Negotiators in Kyoto tried to include penalties for backsliders, but failed.
“It actually never went very far, said Eileen Claussen of Elon University, a member of the U.S. delegation at Kyoto. “I think it’s very hard in international agreements to figure out a set of penalties. Because in the end you couldn’t get enough countries to want it.”
During and after the Kyoto talks, China, an emerging economy, stayed on the sidelines. And the United States signed the protocol, but didn’t even submit it to the Senate for ratification.
“The combination of looking at the U.S., the largest emitter, and China the second largest emitter at that point, not really participating fully I think did give some impetus to countries like Canada, who said ‘I’m not doing it either,’” Claussen said.
Indeed, Canada withdrew from its Kyoto pledge in 2011. And last week the U.K. government indicated it might miss its targets, as it cut back subsidies for renewable energy.
“So long as there are almost any free riders,” Barrett said, “these people have a corrosive effect on cooperation by the cooperators. And the cooperation just drops over time.”
Fundamentally, Barrett argues something big is missing from these talks: They focus on climate science — oceans, glaciers, emissions, timelines – but don’t address climate negotiation science. That is, the social science of self-interest, cooperating and free-riding.
“Ever since these negotiations began,” Barrett said, “emissions have gone up, concentrations have gone up, year after year after year. There’s no sign, even of a reduction in the rate of increase. By any measure, that is a failure.”

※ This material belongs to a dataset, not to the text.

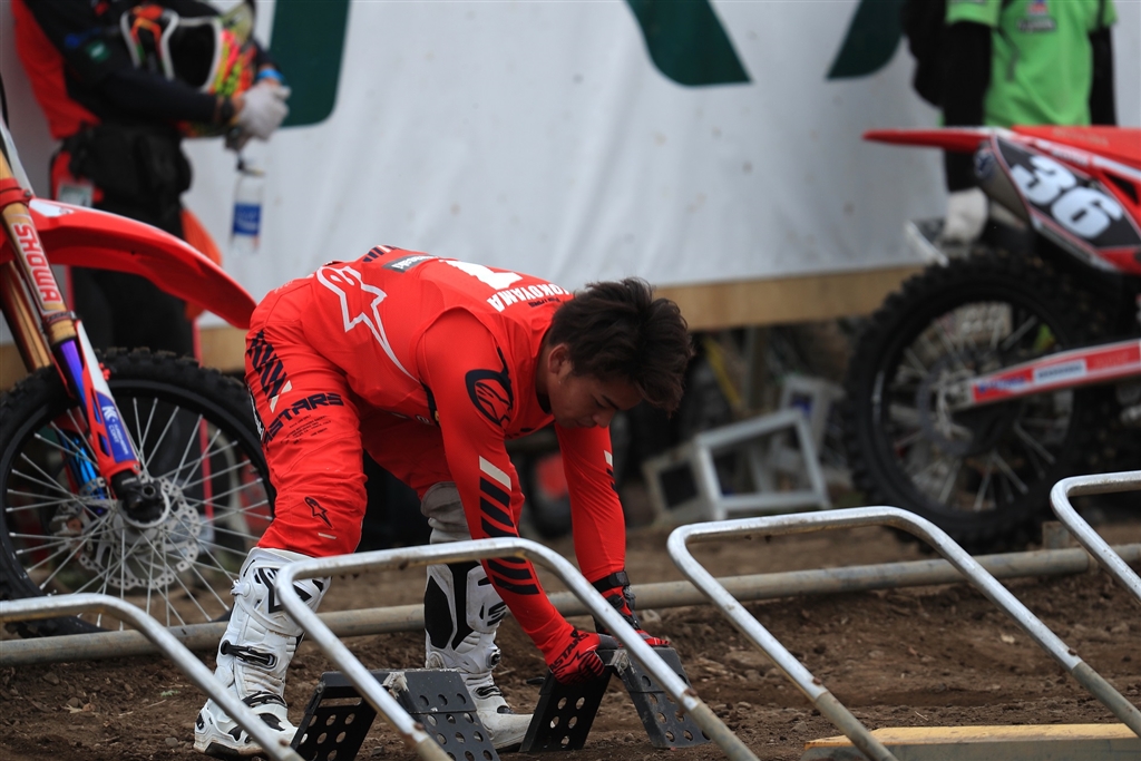 自らスタートグリッドを均す横山君

He and Nordhaus argue it’s time to scrap the whole structure of these talks. To start over and construct a new system that flips the incentives. Nordhaus has proposed what he calls a “climate club” structured like a trade deal, where countries want to be in, and get hit with sanctions if they don’t participate.

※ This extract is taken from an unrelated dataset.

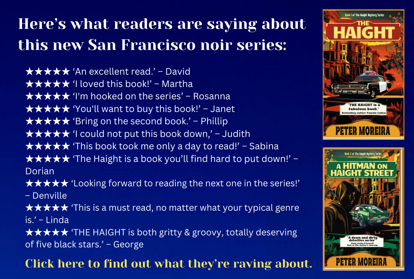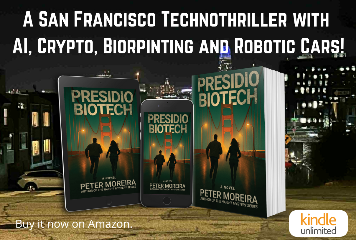 Peter Moreira’s latest novel is the technothriller Presidio Biotech. He is also the author of The Haight Mystery Series — retro mystery novels set in San Francisco in the late 1960s. Go to my home page to join my mailing list and receive a free prequel novella.

“I think I have significant difficulty with that,” said Claussen, a veteran of many global climate negotiations. She said Nordhaus’s proposal is politically untenable.
“I’m not sure that I would like to replace something, even though it’s not been successful, with nothing,” Claussen said. “Because I think that’s worse.”
Indeed, at the Paris talks, negotiators will stay the course, pledge emissions cuts, add them up and hope to be more ambitious tomorrow.
Correction (Oct. 8, 2018): The original version of this story misspelled Eileen Claussen’s name. The text has been corrected.